About this exercise
Exactly as they appear below, repeat the lines from the one with "資產(chǎn)與基建處處長" through the one with "Ящик для игрушек". Drop every picture.

Listed records
+-------+

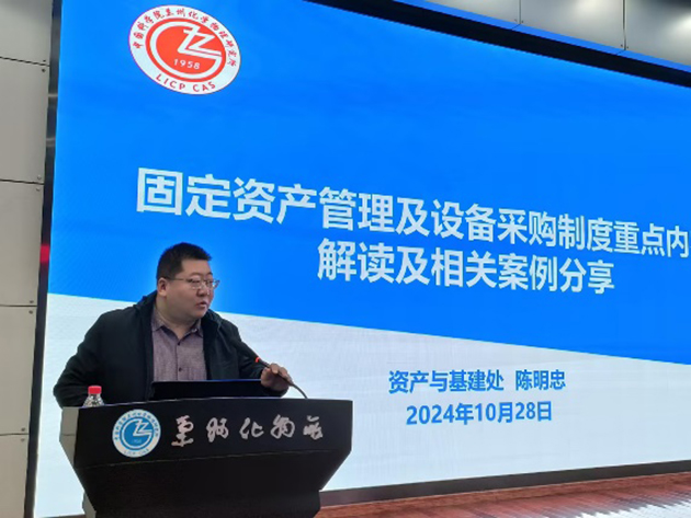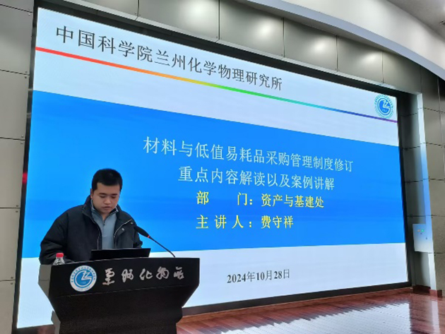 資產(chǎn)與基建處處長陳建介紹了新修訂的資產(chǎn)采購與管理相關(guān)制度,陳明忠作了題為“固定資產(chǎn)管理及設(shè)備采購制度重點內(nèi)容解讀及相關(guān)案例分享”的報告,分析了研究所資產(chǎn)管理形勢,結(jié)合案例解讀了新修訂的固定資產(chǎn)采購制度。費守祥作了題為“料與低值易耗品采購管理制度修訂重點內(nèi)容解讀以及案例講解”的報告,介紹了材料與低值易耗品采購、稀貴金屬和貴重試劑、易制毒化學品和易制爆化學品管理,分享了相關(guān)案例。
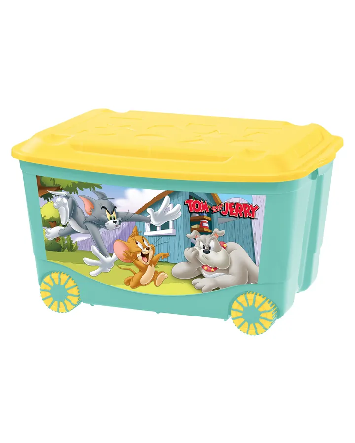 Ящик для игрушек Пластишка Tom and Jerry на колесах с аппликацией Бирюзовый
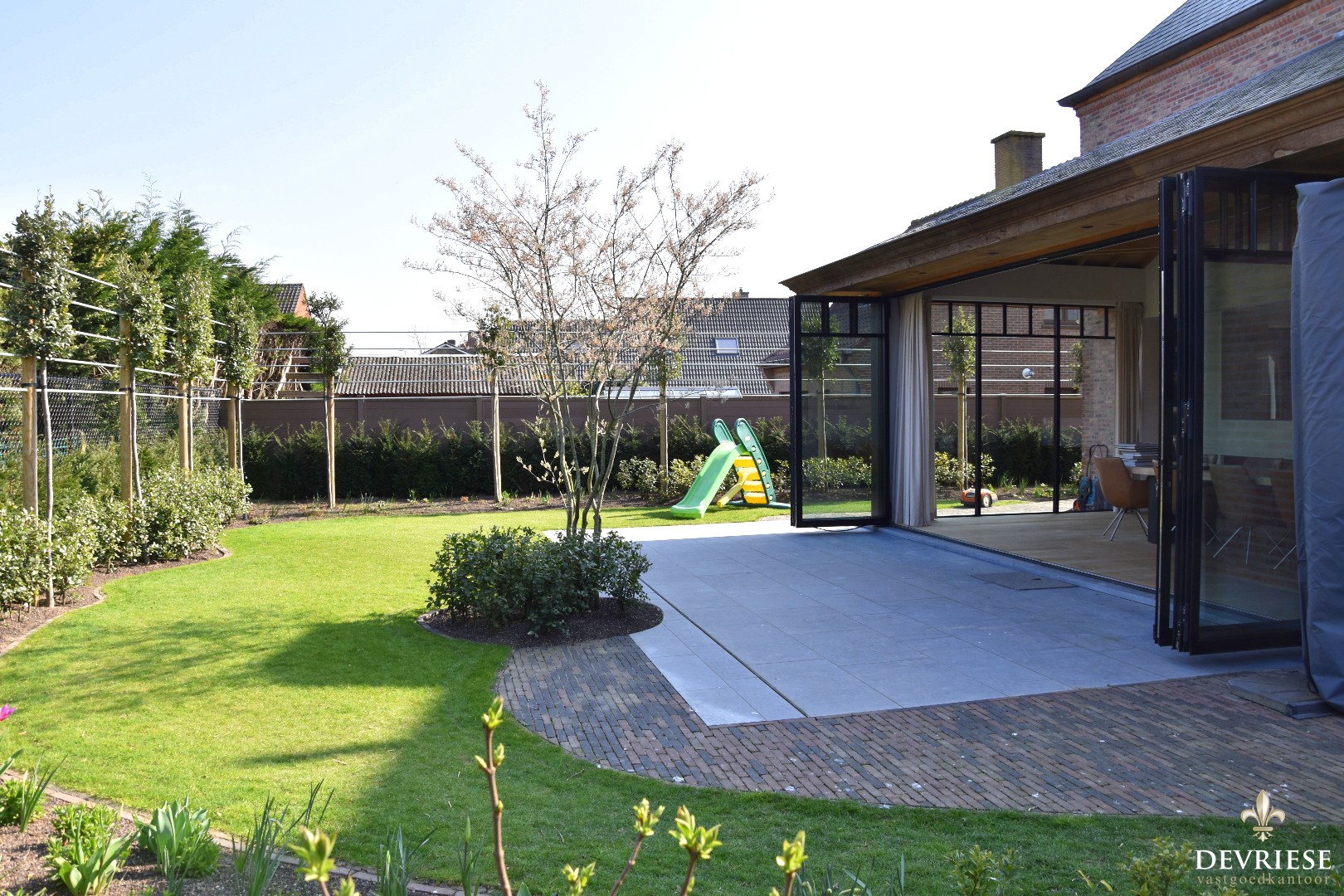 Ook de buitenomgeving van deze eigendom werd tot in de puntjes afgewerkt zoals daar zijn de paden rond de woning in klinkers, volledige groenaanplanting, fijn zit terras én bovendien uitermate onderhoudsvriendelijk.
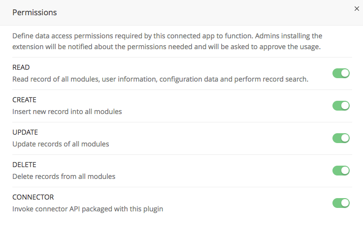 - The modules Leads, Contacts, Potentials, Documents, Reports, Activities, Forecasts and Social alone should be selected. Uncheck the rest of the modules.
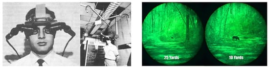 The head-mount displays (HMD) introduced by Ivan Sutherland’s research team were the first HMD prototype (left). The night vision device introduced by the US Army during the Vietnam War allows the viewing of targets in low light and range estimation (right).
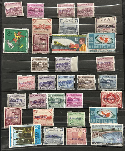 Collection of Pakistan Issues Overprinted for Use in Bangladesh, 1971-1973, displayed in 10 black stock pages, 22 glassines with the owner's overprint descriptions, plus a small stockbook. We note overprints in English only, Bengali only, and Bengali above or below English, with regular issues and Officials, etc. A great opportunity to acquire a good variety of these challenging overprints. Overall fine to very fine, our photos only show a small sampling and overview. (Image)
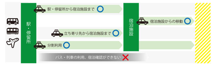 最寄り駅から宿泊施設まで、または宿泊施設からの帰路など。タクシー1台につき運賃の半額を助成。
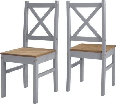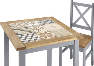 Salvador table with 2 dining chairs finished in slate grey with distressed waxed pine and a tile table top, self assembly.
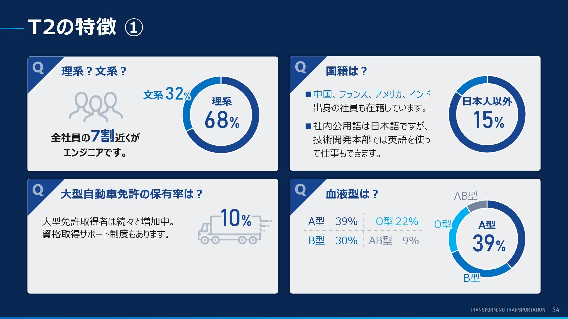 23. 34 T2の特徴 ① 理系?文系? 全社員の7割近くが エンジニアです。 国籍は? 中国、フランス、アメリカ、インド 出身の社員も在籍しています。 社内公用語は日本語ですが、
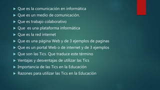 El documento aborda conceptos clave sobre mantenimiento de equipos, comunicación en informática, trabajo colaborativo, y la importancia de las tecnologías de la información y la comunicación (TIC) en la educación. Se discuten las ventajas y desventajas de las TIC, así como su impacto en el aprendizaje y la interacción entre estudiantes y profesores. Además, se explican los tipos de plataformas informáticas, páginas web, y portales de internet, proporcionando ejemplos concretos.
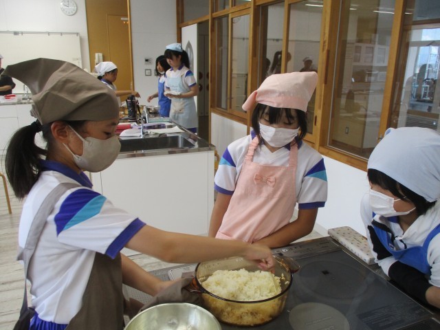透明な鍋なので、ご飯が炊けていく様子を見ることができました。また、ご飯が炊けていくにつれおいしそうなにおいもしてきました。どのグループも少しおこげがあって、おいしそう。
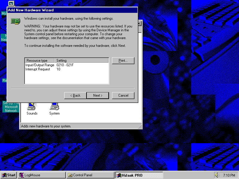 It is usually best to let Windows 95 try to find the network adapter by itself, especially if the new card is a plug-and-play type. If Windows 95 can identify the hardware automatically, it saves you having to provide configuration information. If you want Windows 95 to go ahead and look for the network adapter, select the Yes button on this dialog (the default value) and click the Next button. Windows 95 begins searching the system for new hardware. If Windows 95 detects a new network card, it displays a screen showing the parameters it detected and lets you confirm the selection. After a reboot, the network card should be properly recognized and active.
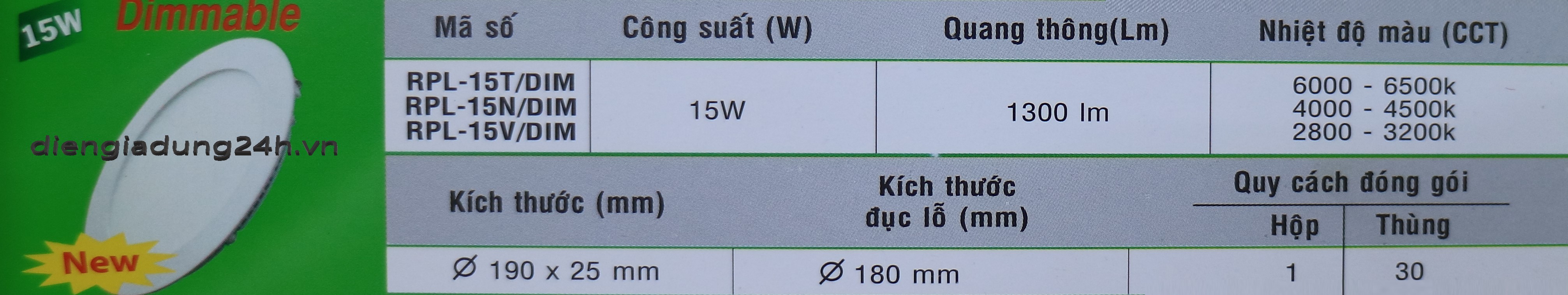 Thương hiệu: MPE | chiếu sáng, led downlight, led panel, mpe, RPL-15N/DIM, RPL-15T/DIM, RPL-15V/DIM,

+-------+

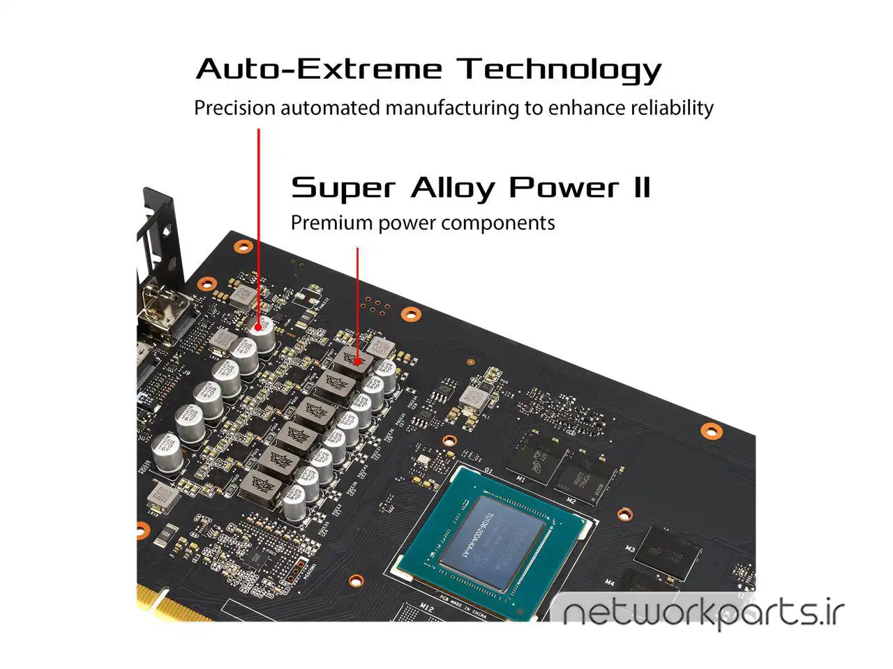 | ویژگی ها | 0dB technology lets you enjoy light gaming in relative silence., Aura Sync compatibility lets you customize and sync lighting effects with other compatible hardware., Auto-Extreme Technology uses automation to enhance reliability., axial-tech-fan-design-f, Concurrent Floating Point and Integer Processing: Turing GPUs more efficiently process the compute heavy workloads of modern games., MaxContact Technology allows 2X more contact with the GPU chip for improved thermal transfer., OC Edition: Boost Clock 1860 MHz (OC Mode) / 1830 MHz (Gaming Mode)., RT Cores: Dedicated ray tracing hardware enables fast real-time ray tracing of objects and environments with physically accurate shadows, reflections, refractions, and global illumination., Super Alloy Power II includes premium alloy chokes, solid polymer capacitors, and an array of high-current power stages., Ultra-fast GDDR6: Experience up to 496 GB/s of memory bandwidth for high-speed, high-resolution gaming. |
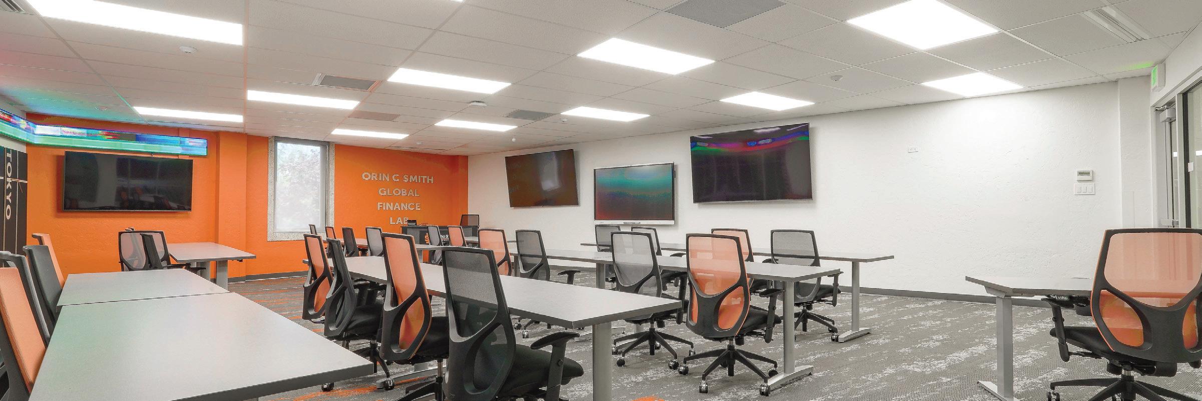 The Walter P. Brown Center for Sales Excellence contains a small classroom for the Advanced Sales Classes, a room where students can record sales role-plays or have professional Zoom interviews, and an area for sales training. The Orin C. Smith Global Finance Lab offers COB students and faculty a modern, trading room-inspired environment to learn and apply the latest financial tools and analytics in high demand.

+-------+

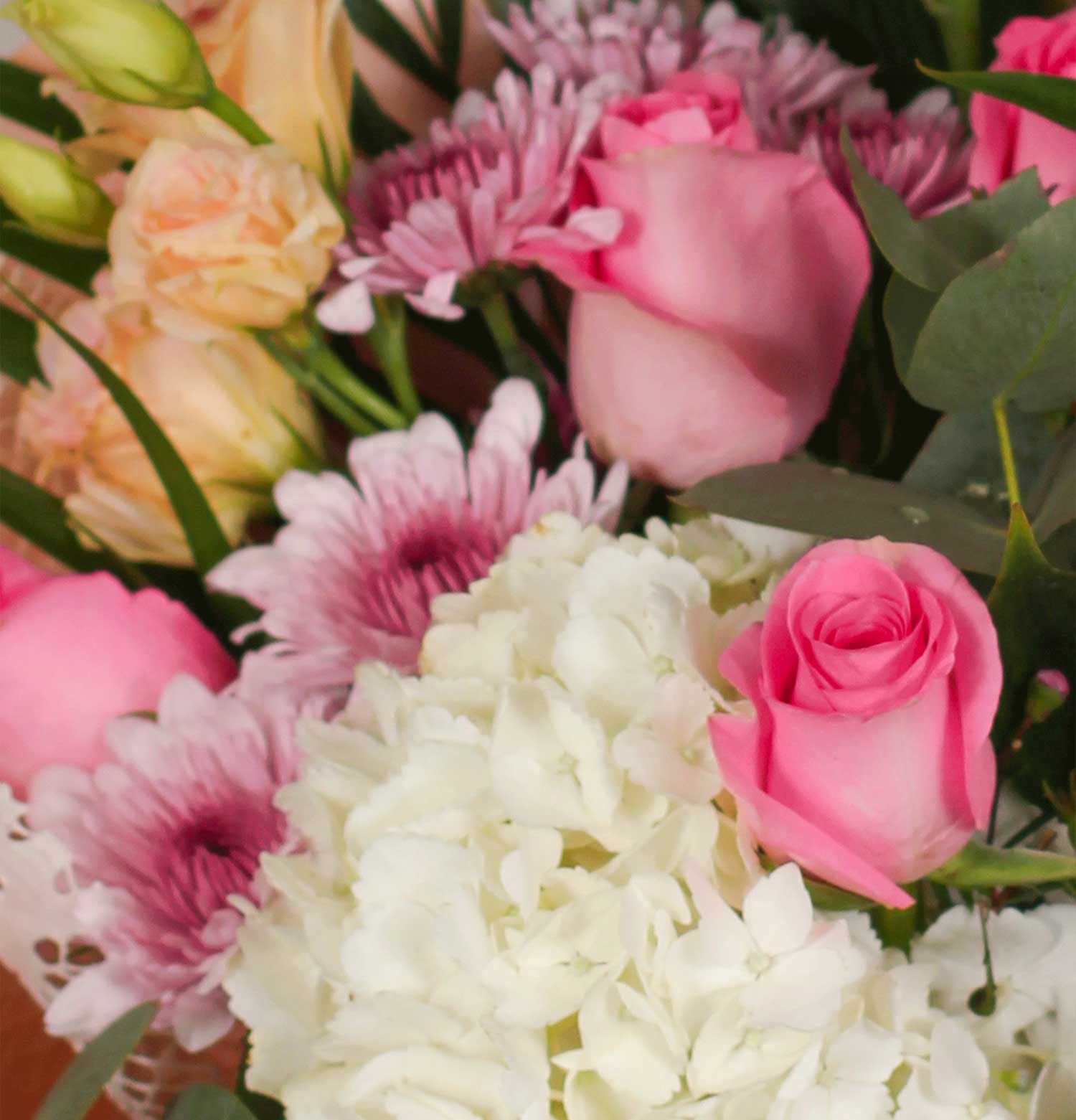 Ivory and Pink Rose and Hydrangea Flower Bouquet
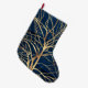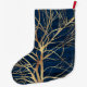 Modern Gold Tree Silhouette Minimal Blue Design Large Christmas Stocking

+-------+

Written answer
 資產(chǎn)與基建處處長陳建介紹了新修訂的資產(chǎn)采購與管理相關(guān)制度,陳明忠作了題為“固定資產(chǎn)管理及設(shè)備采購制度重點內(nèi)容解讀及相關(guān)案例分享”的報告,分析了研究所資產(chǎn)管理形勢,結(jié)合案例解讀了新修訂的固定資產(chǎn)采購制度。費守祥作了題為“料與低值易耗品采購管理制度修訂重點內(nèi)容解讀以及案例講解”的報告,介紹了材料與低值易耗品采購、稀貴金屬和貴重試劑、易制毒化學品和易制爆化學品管理,分享了相關(guān)案例。
 Ящик для игрушек Пластишка Tom and Jerry на колесах с аппликацией Бирюзовый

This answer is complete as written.